Wolf is completely different from the other candidates. I don't need to reiterate what he's already done on campus-which just goes to show how effective he is without the aid of any organization. While he is "an outsider who thinks DSG needs reform," Wolf is not just making a call for change. I can easily question the motives of every other candidate for every other DSG executive position, but in Wolf I see someone who really does want to change Duke and help students-and he's not just saying it to get a title that can pad his résumé. His sincerity is his most refreshing and desirable quality and separates him from all other candidates.
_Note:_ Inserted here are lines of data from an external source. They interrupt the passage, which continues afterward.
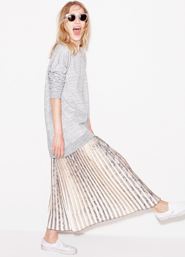 Placé tout en haut de ma pile de magazines "September Issue", "Porter" - le bimestriel lancé en 2014 par le site Net-a-porter.com - me fait de l'oeil. Assez sceptique au départ, je découvre au fil des pages un glossy assez bien réalisé. Et si la maquette pourrait être plus moderne et les séries mode plus inspirantes, j'apprécie la densité des articles ainsi que la place accordée aux portraits de femmes. Une des photos publiées au sein de notre section brèves fait débat. Il s'agit d'un cliché mettant en exergue cette fameuse silhouette "pull long/jupe 7/8/chaussures plates" qui commence à faire école au coeur des magazines et auprès des trend-setteuses. Au départ dubitative (lorsque je l'aperçus en février dernier chez Tommy Ton), je me surprends à en apprécier la fausse humilité. À suivre…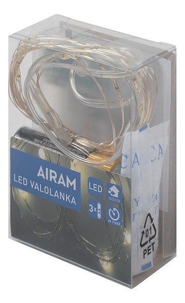 Beautiful silver-colored light string for versatile decoration. LED 20 pcs warm white, non-replaceable LED, wired in parallel, lifespan approx. 10,000 h Includes 6 h timer. Batteries 3 pcs AA, not included.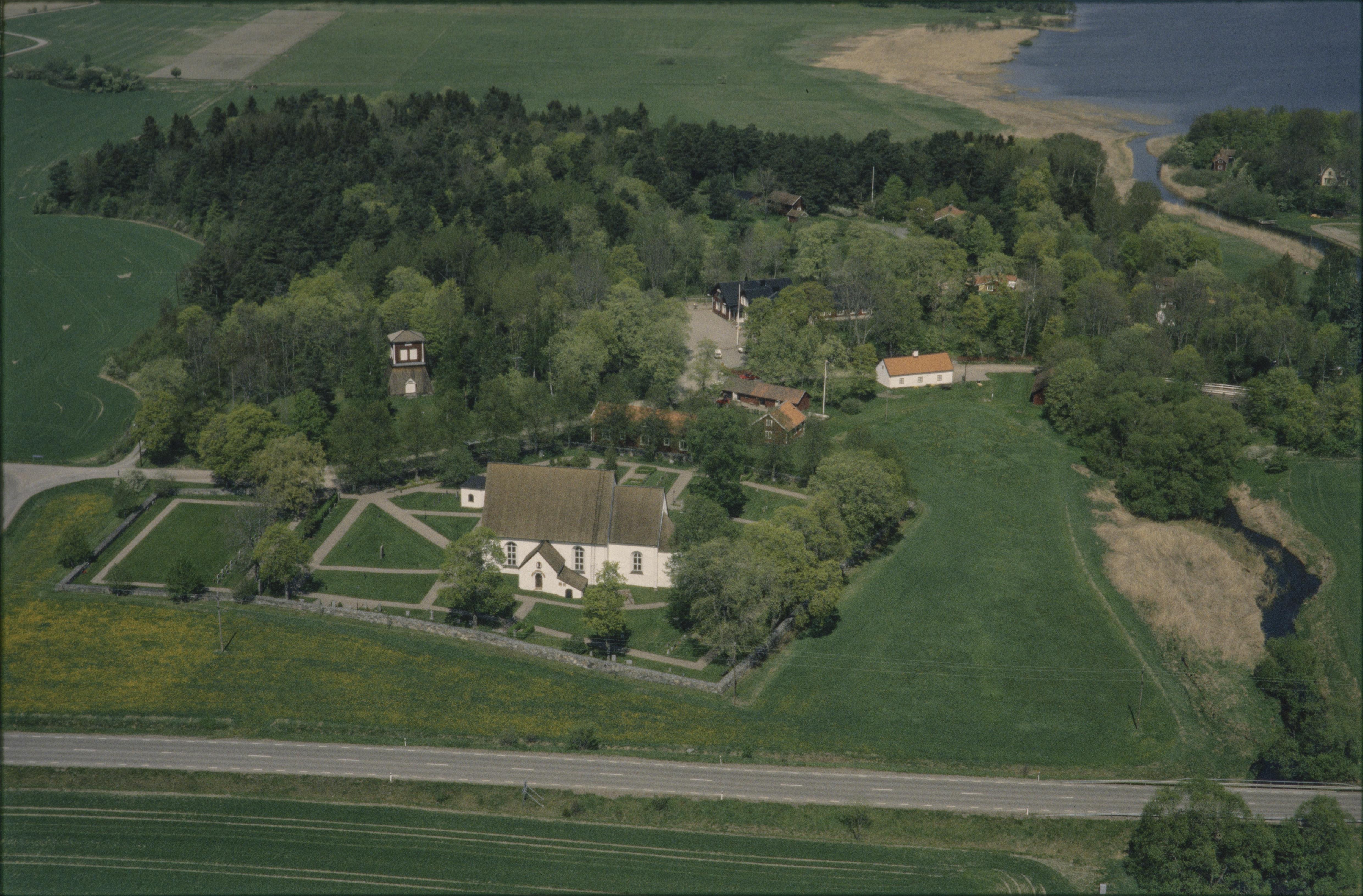 Beskrivning: Funbo kyrka vid Funboån. Funbosjön uppe till höger. Bilden är tagen mot (väderstreck): N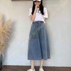 スカーチョ ワイドパンツ デニムパンツ 春 夏 レディース ワイド ロングパンツ ガウチョパンツ ジーパン 普段着 カジュアルシンプル 着痩せ デニムパンツ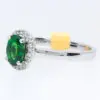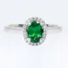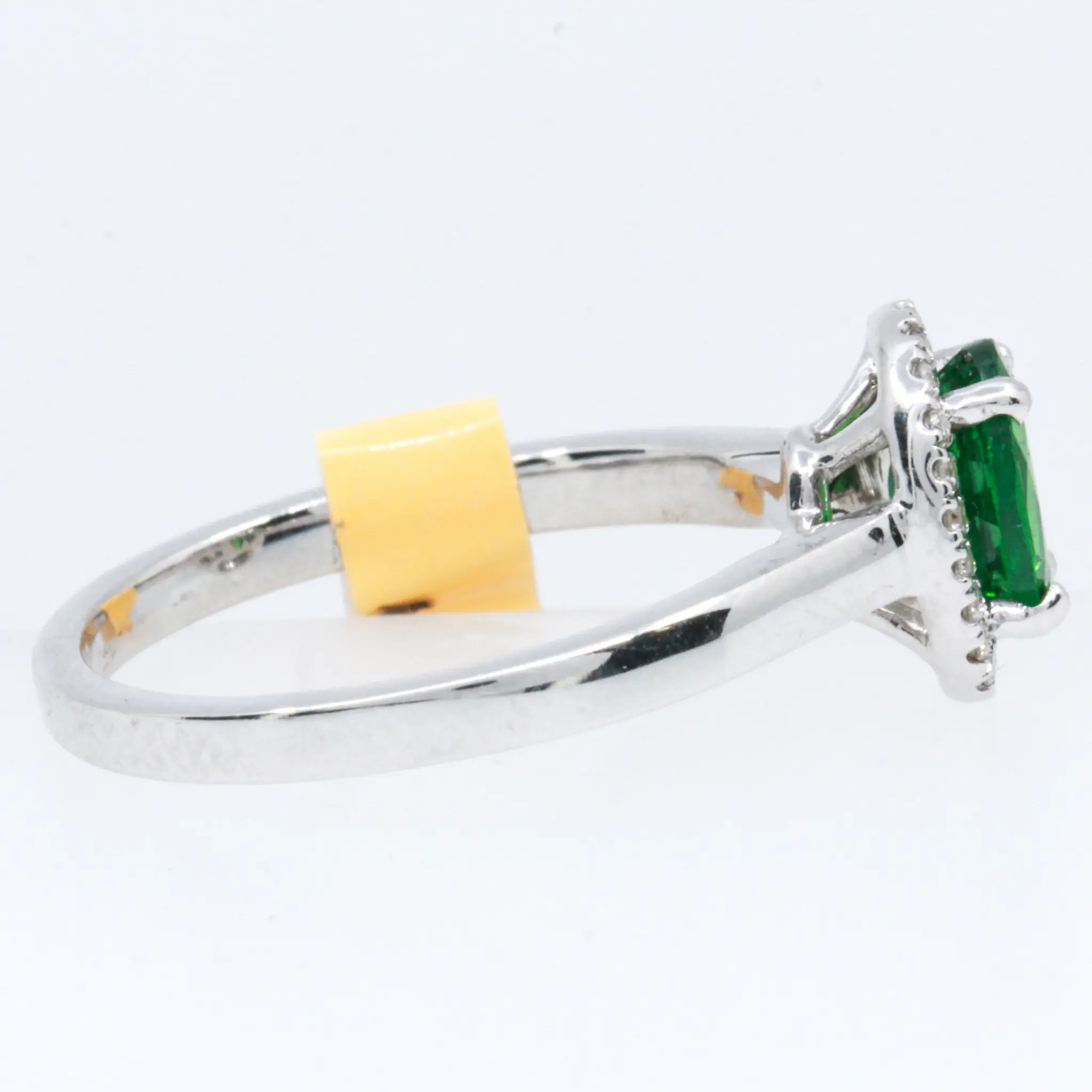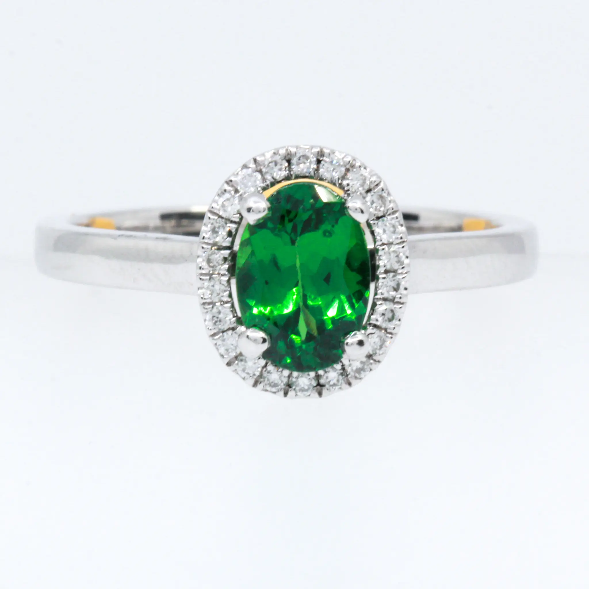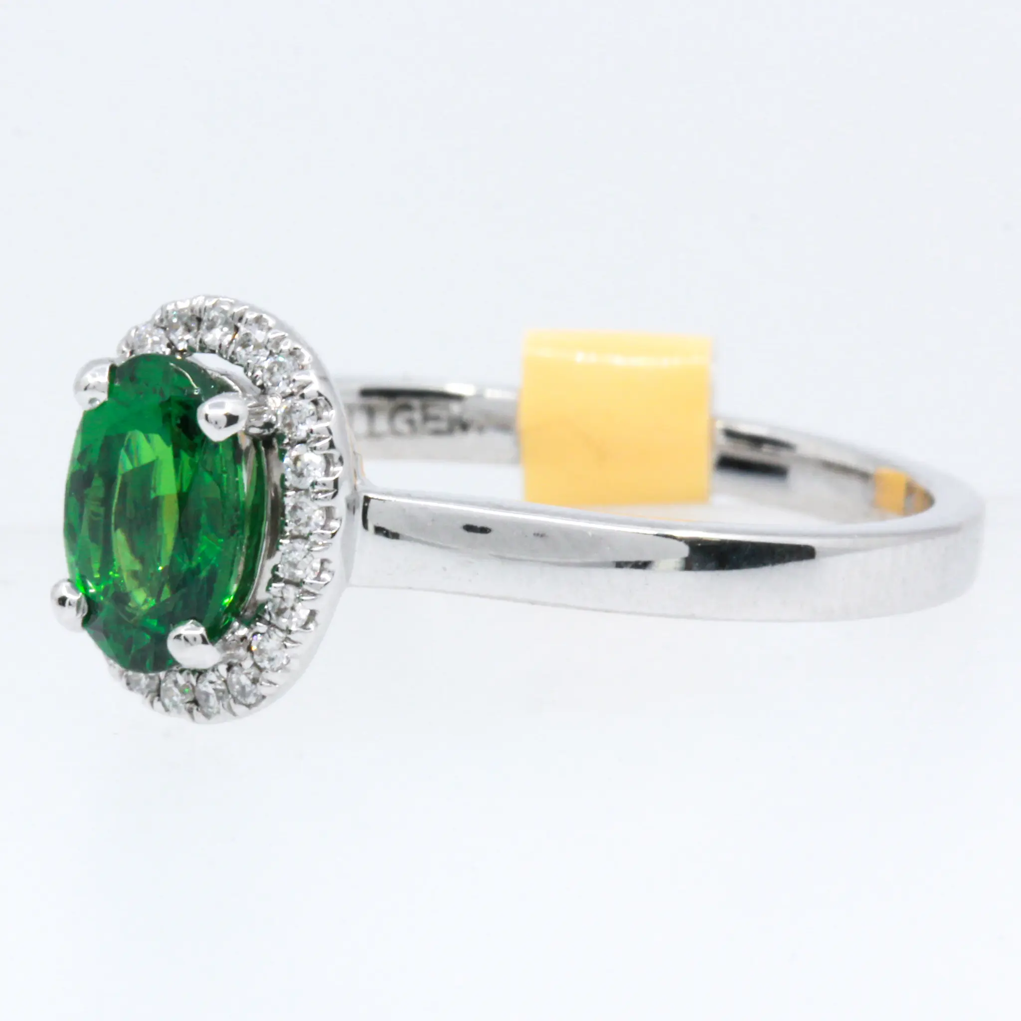 Simple oval halo design ring. Oval-cut tsavorite garnet of natural origin with natural diamonds. Solid 18ct white gold.

Wolf has also shown he will actually do things while others just talk about them, as evidenced with his course evaluations website. He also talks to top-level administrators on a regular basis and has relationships with them much different from the typical, overly deferential ones that other students maintain. My only reservation is that some administrators view Wolf as a little too adversarial-but since when has anyone been concerned that DSG is too hard on the administration?

Kendall is my top choice out of all those in the traditional mold of DSG presidential candidates. So if you want somebody who will talk a great game, smile for the cameras and basically be another Jesse Longoria, vote for Remington Kendall-or Thomas Storrs, Felix Li or Hasnain Zaidi, for that matter. Any of these would be safe choice. But if you truly want a change in DSG, want someone who won't give up tailgate without a fight, want someone who will take action instead of writing resolutions, want your rights protected and want your desires conveyed to the most powerful people on campus, vote for Elliott Wolf.

Students have a decision to make this year. You as a voter have a choice. You can make the safe choice, or you can make a statement that you are done with the days of résumé-builders, lip service and seniors who have moved on from Duke before they even set foot on campus for the fall semester. You can vote for the status quo, or you can vote for Elliott Wolf.

Elizabeth Rudisill is a Trinity sophomore. This column is the second in a two-part series in anticipation of today's DSG elections. Author's note: To clarify, junior Jimmy Soni, candidate for vice president of academic affairs, has plans to deactivate his current chairmanships if elected.